Аришка сжалась в углу своем так, что Андрею снова стало жалко ее.
— Беги, нето. Боярыня Ксения крута, не спустит, — поднялся сам и руку ей протянул.
Она пальчики свои положила в его ладонь и уцепилась. Знала бы, дурёха, каким ознобом обдало Андрея, может так и не держалась бы крепко. Шумской-то ее поднял, да руку тут же отпустил…от греха.
— Спаси тя Бог, боярин Андрей. Побегу. И куст утресь высажу у Мавки, — вздохнула печально, и Шумской понял — псицу она долгонько еще помнить будет, а с того и печалиться станет.
Ариша поклонилась поясно, выскочила за дверь сараюшки, токмо коса ее золотистый след оставила. И не где-нибудь, а в дурных Андреевых глазах. Так и стоял — чурбан чурбаном — глазами хлопал. Дохлопался.

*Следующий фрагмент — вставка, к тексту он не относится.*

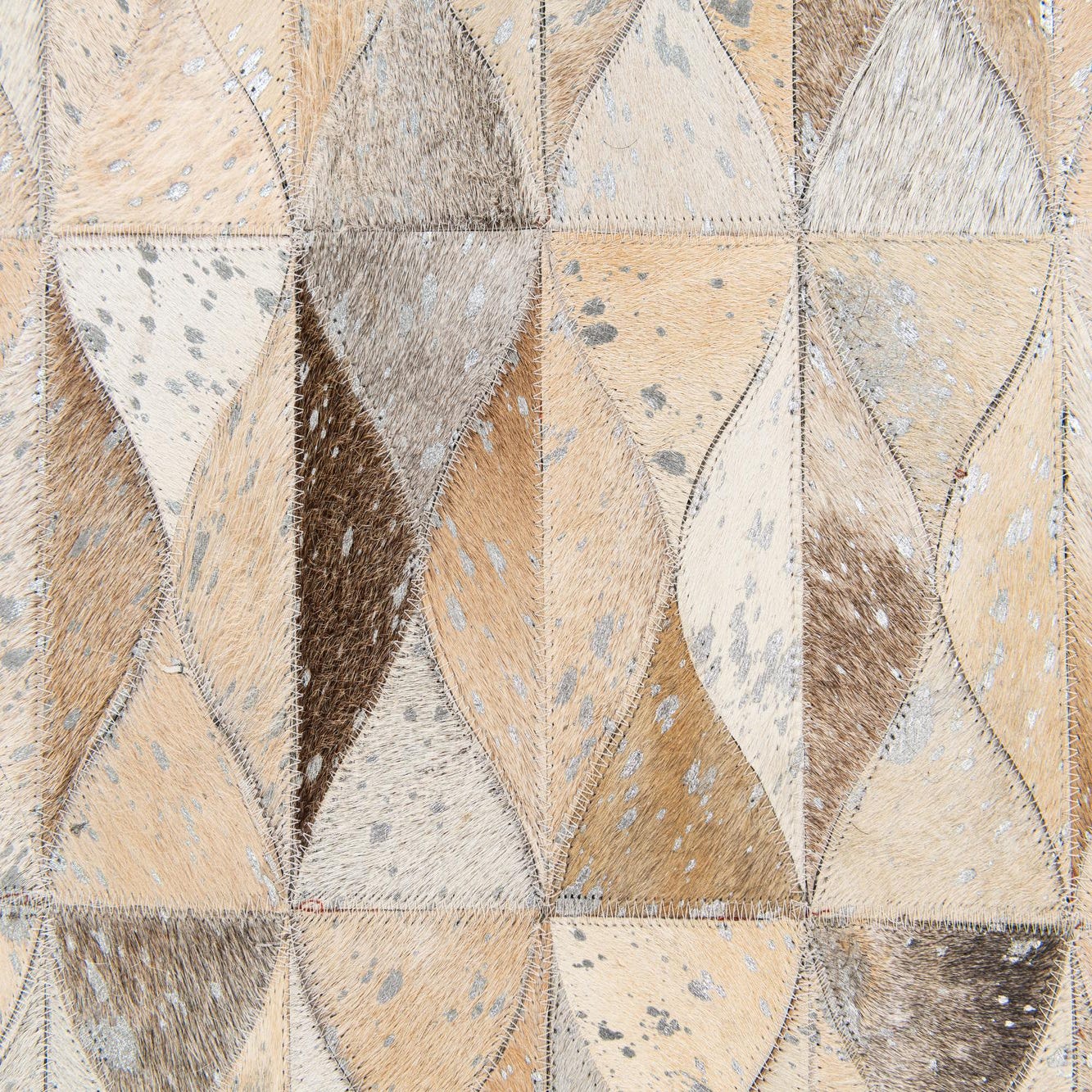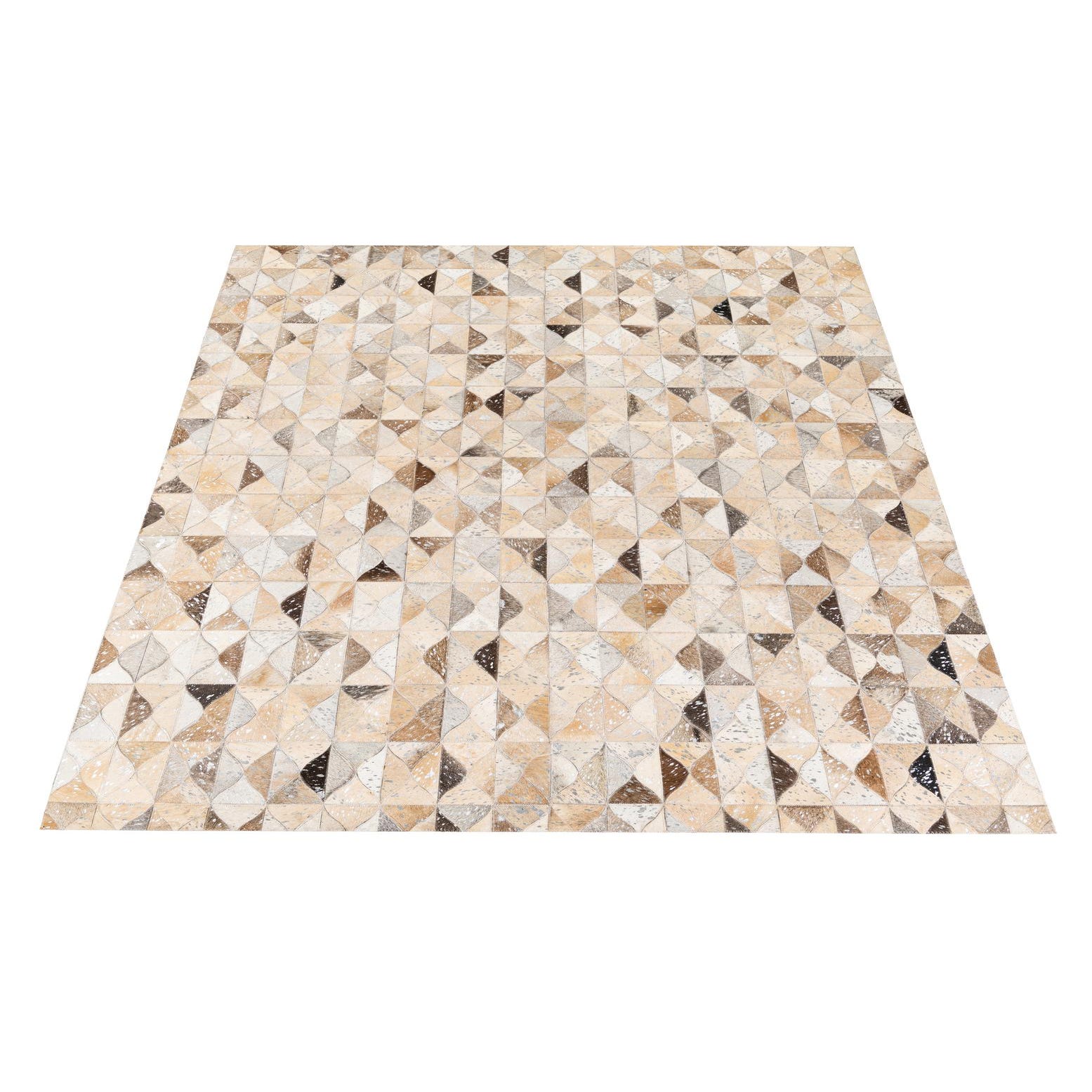 A rectangular 5x8 modern cowhide rug with a multi-colored geometric pattern in shades of brown, beige, and white.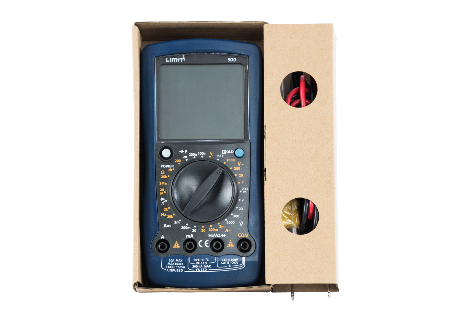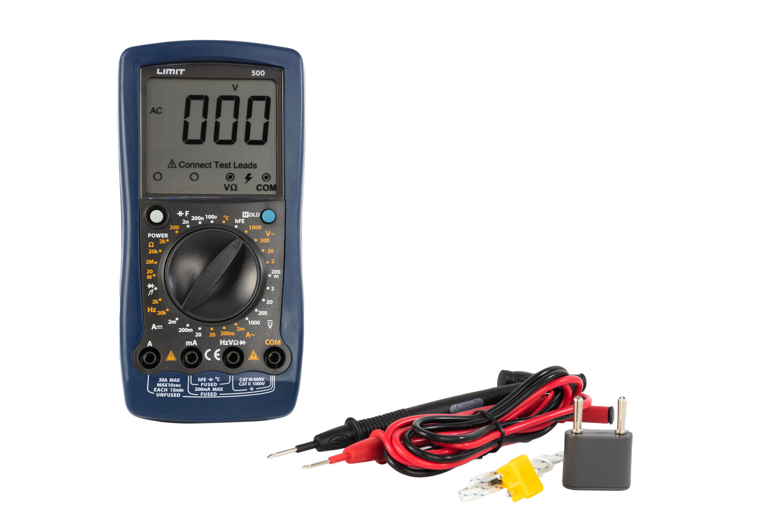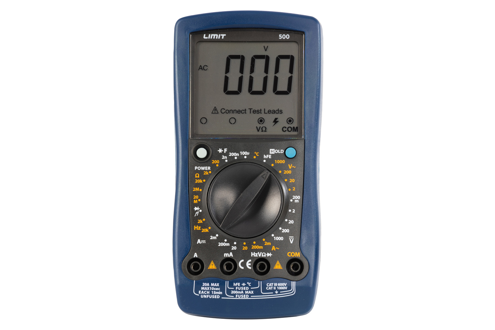 Multimetr cyfrowy o dużym wyświetlaczu, wskazującym poprawność dołączenia kabelków oraz wybrany zakres. Do mierzenia napięcia stałego/zmiennego, prądu stałego/zmiennego, rezystancji, pojemności, częstotliwości, temperatury. Ponadto posiada następujące funkcje: test diodowy, test tranzystorów, test ciągłości obwodu z sygnalizacją akustyczną, pamięć wyniku pomiaru "datahold", sygnalizacja niskiego stanu baterii. Automatyczne wyłączanie.Dostarczany w komplecie z kabelkami pomiarowymi, złączem uniwersalnym, przetwornikiem temperatury typu K do maks. 260°C, baterią i instrukcją obsługi. Osłona gumowa i odkładana podpórka.Długość podziałki 1999. Izolacja CAT II 1000V / CAT III 600 V wg IEC 61010. Zabezpieczenie zakresów do maks. 200mA.

Пока шел через двор, пока Дёмку сыскал в кузнях, все мысль в голове вертелась, а уж как к вечеру и осозналась. Когда все спать улеглись, Андрей тихим сапом из ложницы вышел, оседлал сам Буяна и выехал в Савиново. Гнал, что чумной!
На подворье своем взбудоражил холопов, велел приказчика Архипа звать. Тот явился, едва порты натянув.
— Боярин, чего надобно? — с поклоном.
— Чего, чего… — Шумской башкой своей дурной тряхнул. — Намедни Цыганка ощенилась, так? Веди. И короб дай.
А Архипу-то чего? Взял, да повел. Чай не его ума дело — боярские заскоки.
На псарне, где разводили злых, охранных псов, в самом углу огороженном, в сене копались щенята. Цыганка — маститая псица — лежала на боку и грозно порыкивала. Токмо, на Шумского пойди, рыкни. Он, будто сам пёс, цыцкнул грозно и сука уши прижала.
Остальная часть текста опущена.